Don't even get the sigon/signoff box that displays the messages with that set to 1


----------



## TheOutcaste (Aug 8, 2007)

Looks like you can set that using the Group Policy Editor:
Click *Start | Run* (or press *WinKey+R*).
Type *gpedit.msc*
Navigate to here:
*Local Computer Policy | Computer Configuration | Administrative Templates | System*

Set *Remove Boot / Shutdown / Logon / Logoff status messages* to *Enabled*


----------



## Rmcphail (Oct 12, 2009)

That's what I did, though now come to think of it I haven't restarted after, which it might need to take effect I guess. 
I'll give it a restart and see if it works later today, since people are working with the machine right now.

Thanks.


----------



## Rmcphail (Oct 12, 2009)

Just seen your second post, I'll try that as well.

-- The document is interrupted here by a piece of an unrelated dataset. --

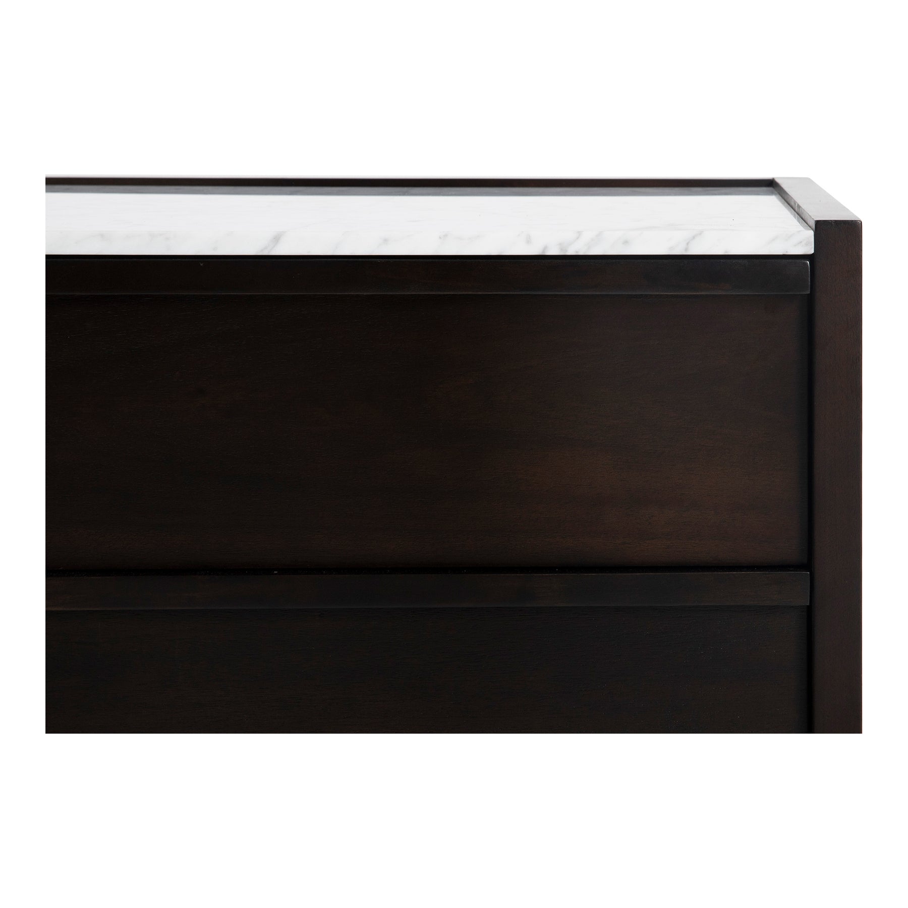 The perfect bedroom companion. The brown finish brings a modern warmth to the piece that pairs naturally with a variety of interior palettes. A white marble tabletop lies firmly over acacia veneer based drawers. A drawer or shelf keeps bedside essentials — books, charging cables, and reading glasses — organized and within easy reach through the night. The modern aesthetic makes it a natural fit for design-forward interiors that favor character over convention.

Edit: Same deal with the restart I'm guessing, I'll reply later today after once I can restart the machine, or I might just set a VM to check it.

Thanks again.


----------



## TheOutcaste (Aug 8, 2007)

Mine worked in 2003 without a restart, but 2008 may require it. Many times changes to the HKLM branch aren't noticed until a reboot.

Might want to double check and see if the either the Domain Security Policy or Domain Controller Security Policy enables those messages, that would take precedence over the local policy.

Hope it works. Guess I should get a 2008 VM setup to try these out...


----------